Large scale scientific computing, 1995-2005 (ish):

  • ~20 years of stability
  • Bunch of x86, MPI, ethernet or infiniband
  • No one outside of academia was much doing big number crunching

New Communities Make things Exciting!

  • Internet-scale companies (Yahoo!, Google)
  • Very large-scale image processing
  • Machine learning:
    • Sparse linear algebra
    • k-d trees
    • Calculations on unstructured meshes (graphs)
    • Numerical optimization
  • Building new frameworks

New Hardware Makes things Exciting!

  • Now:
    • Large numbers of cores per socket
    • GPUs/Phis
  • Next few years:
    • FPGA (Intel: Broadwell + Arria 10, shipping 2017)
    • Non-volatile Memory (external memory/out-of-core algorithms)

New Hardware Makes things Exciting?

New Hardware Makes things Exciting?

New Hardware Makes things Exciting?

Programming Time is More Precious Than Compute

Programming Time is More Precious Than Compute

And this only becomes more pronounced with other trends which make scientific programming harder:

  • New variations of hardware
  • New science demands: cutting edge models are more complex.
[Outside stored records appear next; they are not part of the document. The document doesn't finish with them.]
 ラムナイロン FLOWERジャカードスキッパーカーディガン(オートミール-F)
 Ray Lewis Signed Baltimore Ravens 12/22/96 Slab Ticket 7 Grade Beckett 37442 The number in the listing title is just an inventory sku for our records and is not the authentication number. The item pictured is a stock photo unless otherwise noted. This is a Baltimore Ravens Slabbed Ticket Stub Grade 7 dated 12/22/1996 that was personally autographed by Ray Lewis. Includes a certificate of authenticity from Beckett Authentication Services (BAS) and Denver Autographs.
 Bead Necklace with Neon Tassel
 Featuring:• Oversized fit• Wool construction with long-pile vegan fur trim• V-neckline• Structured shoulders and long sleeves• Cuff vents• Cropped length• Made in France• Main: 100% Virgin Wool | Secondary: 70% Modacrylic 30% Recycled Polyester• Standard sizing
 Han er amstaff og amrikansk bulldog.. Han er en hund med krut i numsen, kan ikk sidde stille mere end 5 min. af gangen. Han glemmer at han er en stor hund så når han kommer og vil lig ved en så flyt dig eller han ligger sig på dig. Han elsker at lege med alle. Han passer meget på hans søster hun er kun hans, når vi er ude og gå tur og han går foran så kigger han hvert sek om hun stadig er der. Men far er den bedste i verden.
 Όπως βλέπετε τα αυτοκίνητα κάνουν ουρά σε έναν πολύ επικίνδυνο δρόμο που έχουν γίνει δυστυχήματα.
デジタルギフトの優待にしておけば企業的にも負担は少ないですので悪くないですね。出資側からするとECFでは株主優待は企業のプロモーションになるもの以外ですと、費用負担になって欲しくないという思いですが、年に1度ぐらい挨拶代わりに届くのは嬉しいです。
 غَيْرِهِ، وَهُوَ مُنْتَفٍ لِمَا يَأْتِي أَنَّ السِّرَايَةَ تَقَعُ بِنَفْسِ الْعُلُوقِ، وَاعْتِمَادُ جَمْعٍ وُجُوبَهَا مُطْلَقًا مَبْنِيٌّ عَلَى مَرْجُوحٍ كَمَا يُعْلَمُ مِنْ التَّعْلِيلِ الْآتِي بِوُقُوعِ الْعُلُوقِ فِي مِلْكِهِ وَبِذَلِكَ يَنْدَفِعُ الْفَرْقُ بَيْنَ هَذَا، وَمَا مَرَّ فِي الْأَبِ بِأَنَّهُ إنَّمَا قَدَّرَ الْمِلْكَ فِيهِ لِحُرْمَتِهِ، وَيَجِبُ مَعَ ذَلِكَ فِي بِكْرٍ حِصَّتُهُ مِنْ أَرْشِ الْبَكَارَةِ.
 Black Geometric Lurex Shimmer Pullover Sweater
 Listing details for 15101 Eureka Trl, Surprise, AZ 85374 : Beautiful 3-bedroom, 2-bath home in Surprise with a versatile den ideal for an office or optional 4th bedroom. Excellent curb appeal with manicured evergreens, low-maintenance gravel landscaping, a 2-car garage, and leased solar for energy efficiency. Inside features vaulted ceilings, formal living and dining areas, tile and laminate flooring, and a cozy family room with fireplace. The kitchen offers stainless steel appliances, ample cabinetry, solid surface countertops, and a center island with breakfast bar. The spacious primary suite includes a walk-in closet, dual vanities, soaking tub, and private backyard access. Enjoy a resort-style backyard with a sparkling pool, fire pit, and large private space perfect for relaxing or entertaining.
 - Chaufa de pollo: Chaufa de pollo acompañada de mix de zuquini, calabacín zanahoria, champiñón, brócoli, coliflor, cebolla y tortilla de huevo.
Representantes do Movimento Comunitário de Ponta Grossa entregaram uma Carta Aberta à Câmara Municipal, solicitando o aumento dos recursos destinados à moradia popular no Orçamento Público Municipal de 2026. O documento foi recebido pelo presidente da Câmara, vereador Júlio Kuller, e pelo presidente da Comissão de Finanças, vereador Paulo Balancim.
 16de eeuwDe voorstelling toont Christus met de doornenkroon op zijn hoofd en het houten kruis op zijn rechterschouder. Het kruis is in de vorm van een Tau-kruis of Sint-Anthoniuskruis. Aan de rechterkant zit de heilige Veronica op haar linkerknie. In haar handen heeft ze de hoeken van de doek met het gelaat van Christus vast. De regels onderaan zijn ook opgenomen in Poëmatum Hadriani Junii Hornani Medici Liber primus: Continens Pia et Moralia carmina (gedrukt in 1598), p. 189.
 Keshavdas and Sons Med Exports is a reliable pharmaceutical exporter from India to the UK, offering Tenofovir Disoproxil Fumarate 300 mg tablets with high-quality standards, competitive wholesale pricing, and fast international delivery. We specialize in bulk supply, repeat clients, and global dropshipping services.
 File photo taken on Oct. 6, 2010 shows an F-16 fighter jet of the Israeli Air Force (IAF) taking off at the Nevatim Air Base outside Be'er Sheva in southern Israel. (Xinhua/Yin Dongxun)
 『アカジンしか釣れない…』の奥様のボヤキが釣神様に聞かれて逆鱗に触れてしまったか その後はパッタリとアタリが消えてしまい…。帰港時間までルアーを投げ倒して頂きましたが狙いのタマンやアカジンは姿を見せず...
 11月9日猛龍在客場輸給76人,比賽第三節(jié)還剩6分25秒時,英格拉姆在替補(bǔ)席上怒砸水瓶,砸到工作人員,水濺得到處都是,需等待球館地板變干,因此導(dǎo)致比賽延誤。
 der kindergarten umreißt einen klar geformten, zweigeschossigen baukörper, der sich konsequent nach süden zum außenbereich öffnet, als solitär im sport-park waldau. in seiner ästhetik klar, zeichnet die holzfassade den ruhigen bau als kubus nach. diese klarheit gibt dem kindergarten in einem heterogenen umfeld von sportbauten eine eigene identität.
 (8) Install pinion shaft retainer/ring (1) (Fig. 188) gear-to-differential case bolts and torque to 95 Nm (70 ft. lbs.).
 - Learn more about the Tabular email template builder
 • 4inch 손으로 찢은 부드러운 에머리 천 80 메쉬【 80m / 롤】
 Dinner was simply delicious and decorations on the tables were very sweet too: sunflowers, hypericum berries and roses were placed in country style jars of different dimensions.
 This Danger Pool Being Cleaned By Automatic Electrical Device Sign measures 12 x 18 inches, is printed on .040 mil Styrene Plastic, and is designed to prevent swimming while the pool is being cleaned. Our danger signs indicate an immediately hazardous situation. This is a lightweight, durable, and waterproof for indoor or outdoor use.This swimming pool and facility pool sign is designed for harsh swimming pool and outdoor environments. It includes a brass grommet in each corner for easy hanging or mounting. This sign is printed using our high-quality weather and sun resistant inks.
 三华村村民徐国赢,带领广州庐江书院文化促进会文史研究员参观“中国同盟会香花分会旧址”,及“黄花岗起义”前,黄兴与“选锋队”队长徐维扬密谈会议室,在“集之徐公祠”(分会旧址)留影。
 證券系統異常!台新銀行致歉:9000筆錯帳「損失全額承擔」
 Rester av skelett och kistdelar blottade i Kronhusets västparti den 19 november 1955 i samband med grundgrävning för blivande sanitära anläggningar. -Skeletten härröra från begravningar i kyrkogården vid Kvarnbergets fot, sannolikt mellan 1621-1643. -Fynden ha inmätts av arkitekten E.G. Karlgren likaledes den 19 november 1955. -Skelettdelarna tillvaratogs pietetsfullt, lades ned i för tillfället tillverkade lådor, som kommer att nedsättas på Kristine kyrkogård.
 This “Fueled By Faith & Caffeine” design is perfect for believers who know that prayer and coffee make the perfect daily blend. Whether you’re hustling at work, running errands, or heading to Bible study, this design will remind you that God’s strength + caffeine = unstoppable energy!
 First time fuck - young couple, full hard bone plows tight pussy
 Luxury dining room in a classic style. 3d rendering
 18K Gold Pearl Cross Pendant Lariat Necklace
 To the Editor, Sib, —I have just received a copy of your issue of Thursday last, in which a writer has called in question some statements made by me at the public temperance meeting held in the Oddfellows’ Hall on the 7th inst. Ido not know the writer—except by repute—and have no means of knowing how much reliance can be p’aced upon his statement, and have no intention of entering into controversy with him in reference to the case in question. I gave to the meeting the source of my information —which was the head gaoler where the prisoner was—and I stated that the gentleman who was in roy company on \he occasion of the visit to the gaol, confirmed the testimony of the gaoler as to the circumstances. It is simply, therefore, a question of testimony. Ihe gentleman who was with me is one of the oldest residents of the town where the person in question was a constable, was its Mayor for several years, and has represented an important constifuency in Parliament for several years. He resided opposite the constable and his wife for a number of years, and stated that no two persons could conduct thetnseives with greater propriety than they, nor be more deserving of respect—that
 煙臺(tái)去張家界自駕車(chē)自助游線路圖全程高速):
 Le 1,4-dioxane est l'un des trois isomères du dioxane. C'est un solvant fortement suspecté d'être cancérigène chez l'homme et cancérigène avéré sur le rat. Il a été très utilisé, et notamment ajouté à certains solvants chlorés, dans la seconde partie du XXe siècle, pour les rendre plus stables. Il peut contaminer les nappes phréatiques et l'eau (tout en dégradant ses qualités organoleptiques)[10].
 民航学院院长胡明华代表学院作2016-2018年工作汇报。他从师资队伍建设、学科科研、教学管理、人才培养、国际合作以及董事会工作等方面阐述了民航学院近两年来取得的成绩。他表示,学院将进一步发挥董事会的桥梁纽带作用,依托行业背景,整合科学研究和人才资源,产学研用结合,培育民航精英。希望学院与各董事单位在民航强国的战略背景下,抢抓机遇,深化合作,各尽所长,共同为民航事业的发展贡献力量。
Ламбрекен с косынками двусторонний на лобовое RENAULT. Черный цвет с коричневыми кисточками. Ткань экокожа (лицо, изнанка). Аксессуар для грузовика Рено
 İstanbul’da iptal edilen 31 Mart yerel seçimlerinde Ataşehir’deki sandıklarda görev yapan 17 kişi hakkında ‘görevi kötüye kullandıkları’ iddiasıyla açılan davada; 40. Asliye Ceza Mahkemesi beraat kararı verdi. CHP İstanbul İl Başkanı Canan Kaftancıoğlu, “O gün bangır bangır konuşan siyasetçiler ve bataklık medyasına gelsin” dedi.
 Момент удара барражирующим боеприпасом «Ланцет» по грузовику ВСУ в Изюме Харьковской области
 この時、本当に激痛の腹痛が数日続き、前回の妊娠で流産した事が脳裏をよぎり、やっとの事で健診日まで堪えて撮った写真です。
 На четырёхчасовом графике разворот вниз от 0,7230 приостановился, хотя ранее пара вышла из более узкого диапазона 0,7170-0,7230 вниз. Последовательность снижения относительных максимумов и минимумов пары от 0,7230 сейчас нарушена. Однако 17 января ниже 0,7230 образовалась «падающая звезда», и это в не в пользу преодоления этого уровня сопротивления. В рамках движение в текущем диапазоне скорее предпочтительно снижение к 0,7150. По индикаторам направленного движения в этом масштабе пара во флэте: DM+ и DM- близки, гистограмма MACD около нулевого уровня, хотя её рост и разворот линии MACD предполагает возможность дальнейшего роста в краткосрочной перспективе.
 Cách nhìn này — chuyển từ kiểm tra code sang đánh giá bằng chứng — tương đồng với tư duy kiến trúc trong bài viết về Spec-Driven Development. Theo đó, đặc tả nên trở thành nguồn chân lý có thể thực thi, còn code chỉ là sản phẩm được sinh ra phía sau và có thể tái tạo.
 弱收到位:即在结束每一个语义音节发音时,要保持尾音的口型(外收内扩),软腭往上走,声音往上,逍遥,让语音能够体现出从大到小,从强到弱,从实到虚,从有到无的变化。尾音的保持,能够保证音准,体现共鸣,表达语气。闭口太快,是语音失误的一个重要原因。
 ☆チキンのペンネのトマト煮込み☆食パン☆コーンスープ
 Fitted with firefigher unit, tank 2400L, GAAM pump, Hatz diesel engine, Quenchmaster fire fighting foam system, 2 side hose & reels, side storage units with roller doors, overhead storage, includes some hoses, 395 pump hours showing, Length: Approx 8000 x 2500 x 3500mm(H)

An Astro example:
    • 80s - gravity only N-body, galaxy-scale
    • 90s - N-body, cosmological
    • 00s - Hydrodynamics, cosmological
    • 10s - Hydrodynamics + rad transport + cosmological

Things are currently harder than they have to be

Computational scientists have learned a lot about computer science in the last 20+ years.

  • Encapsulation
  • Higher level programming languages (e.g., python-as-glue)
  • Code collaboration, sharing (github, etc)
  • Division of labour - more distinction between people who work on libraries and people who build software that implements a scientific model

We're programming at the transport layer...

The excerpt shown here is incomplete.